Quels leviers pour renforcer la sécurité alimentaire en Afrique?
Tout d’abord, je souhaite vous remercier pour votre présence à ce premier séminaire spécialisé sur les opportunités et les défis, en Afrique, pour les investissements privés agroalimentaires européens.
Ce séminaire arrive à un moment important pour la relation UE/Afrique dans le domaine agroalimentaire. Depuis les années 1980, l’aide publique au développement agricole a été divisée par deux, malgré l’augmentation globale de l’aide au développement. L’agriculture représentait 17% des programmes. Elle n’en représente plus que 6 ou 7%. L’agriculture était reléguée au second plan, au profit d’autres priorités politiques et économiques, malgré le défi de la faim dans le monde, du changement climatique ou encore du maintien de l’emploi dans les zones rurales.
Les émeutes de la faim, en 2007/2008, on fait reprendre conscience des enjeux liés à l’agriculture et des risques liés au sous-investissement. L’agriculture est redevenue une priorité. Il n’y a pas un jour qui passe sans qu’il y ait une référence à la sécurité alimentaire – en Egypte, dans l’Afrique Sub-Saharienne, le Sahel ou la Corne de l’Afrique…
La Communauté internationale a pris l’engagement de remettre l’agriculture au cœur de la politique de développement, notamment dans le cadre du G8 et du G20. L’Union européenne est mobilisée pour que le plan d’action mis en place dans le cadre du G20 soit appliqué de façon effective et qu’il implique également le secteur privé. Je reste impliqué dans ce processus de façon très active.
Ce retour de l’agriculture au premier plan devrait se traduire, dans les relations bilatérales entre l’Union européenne et l’Afrique, de façon concrète, par le biais d’un partenariat stratégique dans le domaine agricole. Le Sommet UE/Afrique d’avril 2014 ouvre une fenêtre pour travailler à un agenda commun.
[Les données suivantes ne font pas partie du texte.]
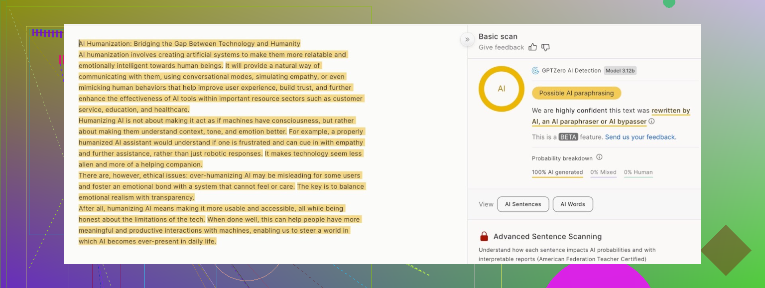 GPTZero? Keine Chance. Sieht sofort, dass es KI ist. Auch das Vorspielen von “schreib wie ein Mensch” hilft nicht: Die Detektoren achten offenbar auf den Schreibfluss und nicht nur auf Wortwechsel.

Et j’ajoute que le Sommet de Durban de fin mars qui réunissait les BRICS (Brésil, Russie, Inde, Chine, Afrique du Sud), montre l’importance, aussi pour l’Union européenne d’être présente dans ce débat sur la sécurité alimentaire et de ne pas tourner le dos à l’Afrique alors que d’autres parties du monde s’y intéressent de plus en plus. L’Europe reste un partenaire de premier plan et un des principaux donateurs pour la région. Mais il est important de participer à la nouvelle dynamique, en particulier dans la zone subsaharienne, avec des investissements possibles pour de nombreuses entreprises européennes. Beaucoup de coopératives ou d’entreprises, petites et moyennes, peuvent réaliser des investissements responsables dans le cadre d’une relation gagnant-gagnant avec des partenaires locaux.
La Communauté internationale peut créer une dynamique. Mais ce ne sont pas les institutions qui peuvent changer la réalité sur le terrain. Ce sont les acteurs locaux, régionaux, nationaux, les pouvoirs publics et les investisseurs privés qui peuvent véritablement changer la donne. Il est donc capital d’impliquer les agriculteurs individuels, les coopératives agricoles, les industries petites, moyennes et grandes des pays en développement et des pays développés. Et c’est le sens de la journée d’aujourd’hui qui est un point de départ.
Les perspectives de croissance sont là. La croissance du secteur agricole a été de 3,4% par an, ces dix dernières années. Le continent africain dispose de 25% des terres fertiles de la planète et compte pour 10% de la production agricole mondiale : les marges de progression sont devant nous, si l’on parvient à améliorer l’accès au crédit et aux techniques agricoles ; à développer des infrastructures de transport et de stockage ; à accroître la valeur ajoutée et l’intégration des petits agriculteurs aux circuits économiques.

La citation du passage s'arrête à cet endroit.